米国のブリンケン国務長官も公に認めているように、「歴史的」に培われたインドとロシアの関係を簡単に変えることは容易でない。これは、中国に過大な直接投資を行った日系企業がサプライチェーンの再構築に苦労していることと、似ていなくもない。
インドと米国が中国を問題視するその理由も、必ずしも一致しない。米国にとっての中国の問題は、南シナ海や台湾問題、最先端半導体技術の軍事利用であるのに対して、インドにとっての中国の問題の大半は、ヒマラヤ山脈を挟む領土問題である。

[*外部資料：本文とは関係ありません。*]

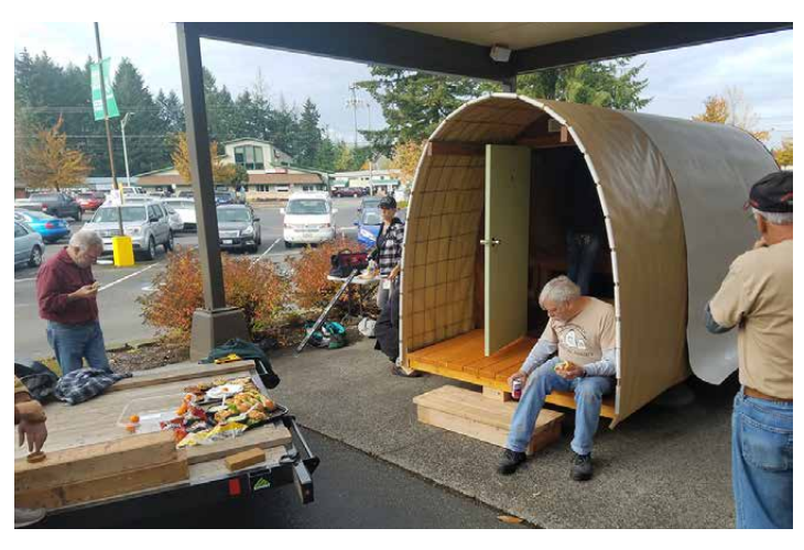
At the fall workshop, participants built a Conestoga house.
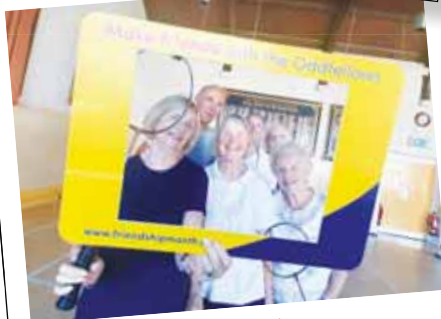
A friendly game of badminton in Mid-Surrey.
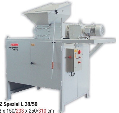
intimus VZ Spezial L 38/50 W/D/H 243 x 150/233 x 250/310 cm
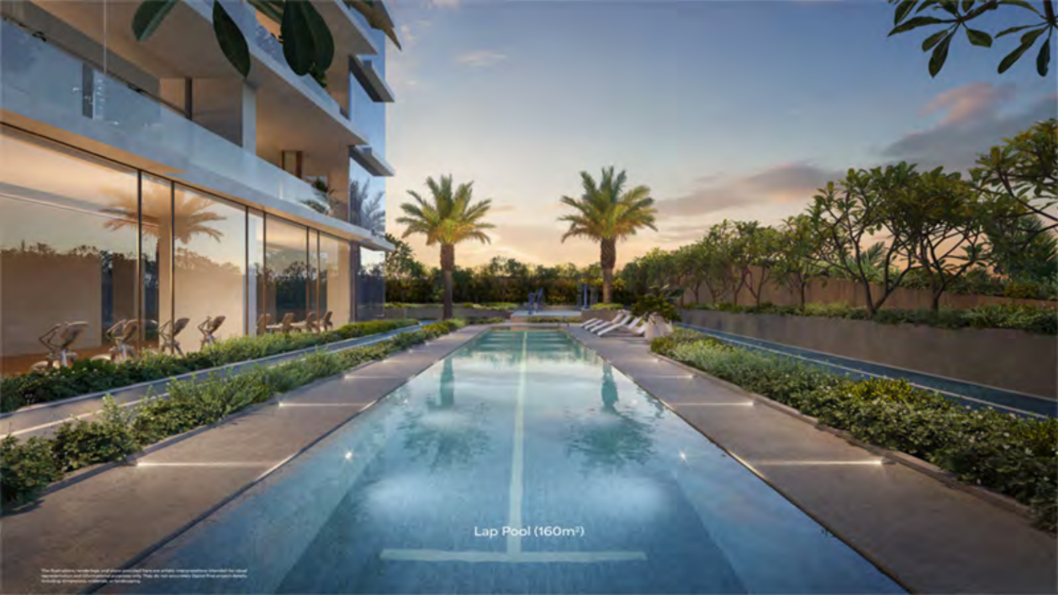
Lap Pool (160m 2 )
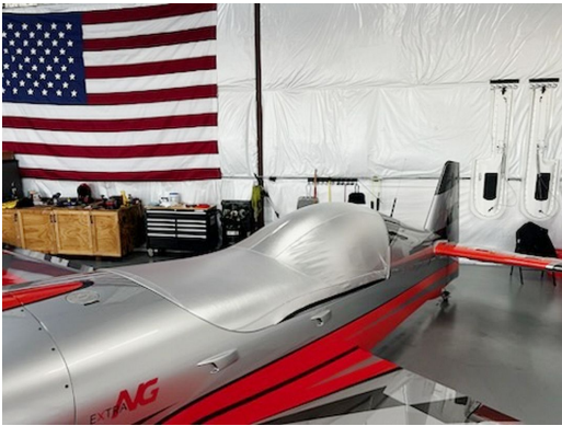
Extra NG Models Canopy Cover
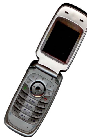
Fig. 3. Example of an image with acceptable resolution

line (e.g. Fig. 2) must be centered whereas multi-line captions must be justified (e.g. Fig. 1). Captions with figure numbers must be placed after their associated figures, as shown in Fig. 1.
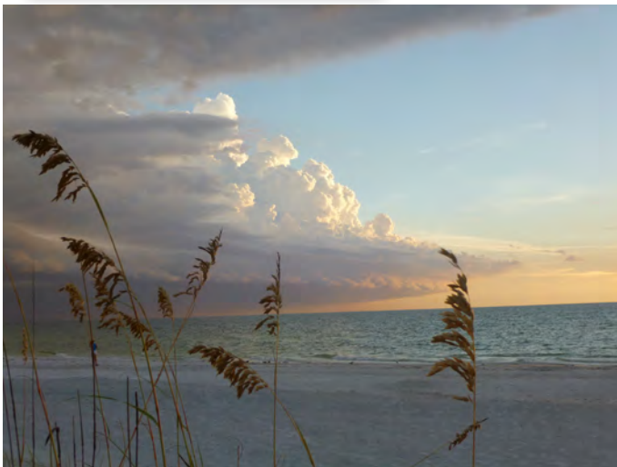
"Moon Set at Sunrise, Indian Rocks Beach", Carla Mogan, Animal Services, intermediate photo
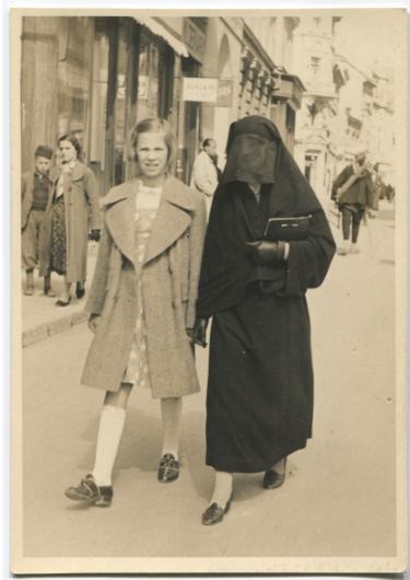
Muslim woman and a girl in the street
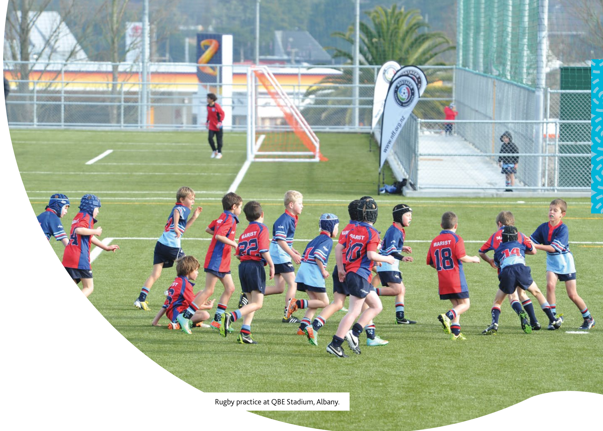
Rugby practice at QBE Stadium, Albany.

We know that people live their lives across local board boundaries and we will continue to collaborate with our neighbouring local boards to get the best results for the north-west.
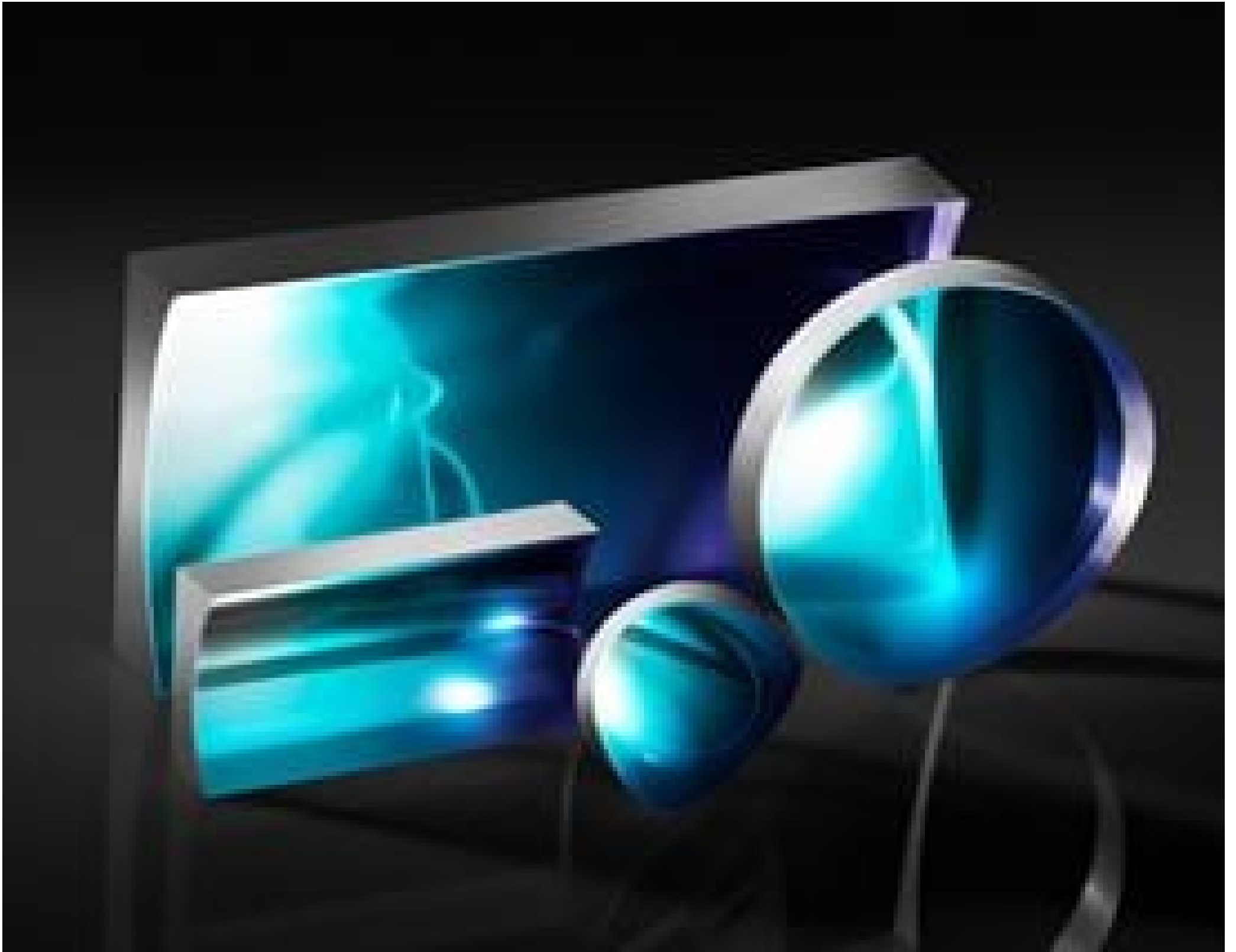
TECHSPEC® Illumination Grade PCV Cylinder Lenses
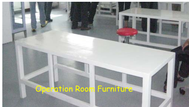
Operation Room Furniture

The Centre has its own operating table, instruments table, surgeons' chairs, electrical supply system, patients' beds for the anaesthetics room. Ophthalmic Technicians and ophthalmic nurses with the help of the local hospital staffs prepared the OR. Theatre preparation was done one day prior to surgery.
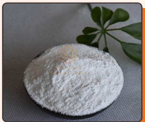
Calcium Chloride Powder
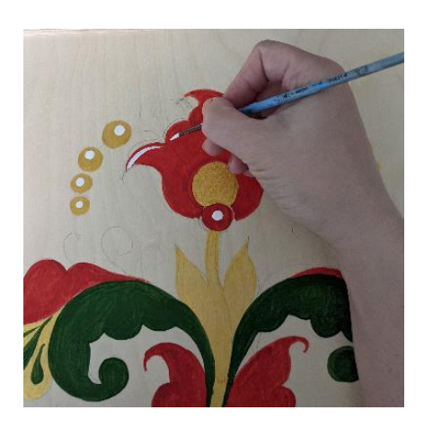
Fig. 7 Execution of the living Varnishing

Initially, apply all light colors, then darker ones, be sure to start reviving with whitewash (Fig. 7), finish the composition with contouring (Fig. 8), thin lines, circles, dashes, etc. black tempera. Select the brushes N_{2} 4, for the stroke -N_{2} 1. [4]

非常に長期的な視野で見ると、インドが中国に近い経済規模となり、ロシアの地位が大きく低下し、インドが米国陣営に事実上加わるような動きが見えてくるかもしれないが、それはおそらく今世紀後半まで待たないといけないであろう。その場合でも、プライドの高いインドが米国のジュニア・パートナーになるとは考えにくく、インドがこれまでの非同盟中立外交から逸脱するとは考えにくい。
こうしたことから、インドは米国陣営に参加するのではなく、これまでのような「戦略的自立性」の外交を基本としつつ、その範囲内でロシアを刺激することなく、徐々に米国への接近を強めていくと考えるのが、最もあり得るシナリオであろう。2018年から22年のインドの兵器輸入先に占める米国の比率は11%にすぎなかったが、その比率は徐々にそして確実に上昇し、米国の軍事技術のインドへの移転も加速していくであろう。「自分の国は自分で守る」という意思を持つインドが欲しているのは、有事の際の他国からの軍派遣よりも、有事に備えた自国の軍の強化であり、その意味でたとえ同盟国でなくてもインドにとっての米国の重要性はこれからさらに増していくであろう。
クアッドも強化へ
日本にとって東南アジアが製造業(ハードウエア)のグローバルチェーンの要であるのと同じように、米国にとってインドはソフトウエアのグローバルチェーンの要といえる。米国が世界のリーダーである最先端の技術は軍事産業を支えており、米国の最先端技術を支えているのがインドであることを考えれば、このソフトウエアにおける米印の結びつきがビジネス面だけでなく国家戦略の上でも極めて重要なことは容易に理解できる。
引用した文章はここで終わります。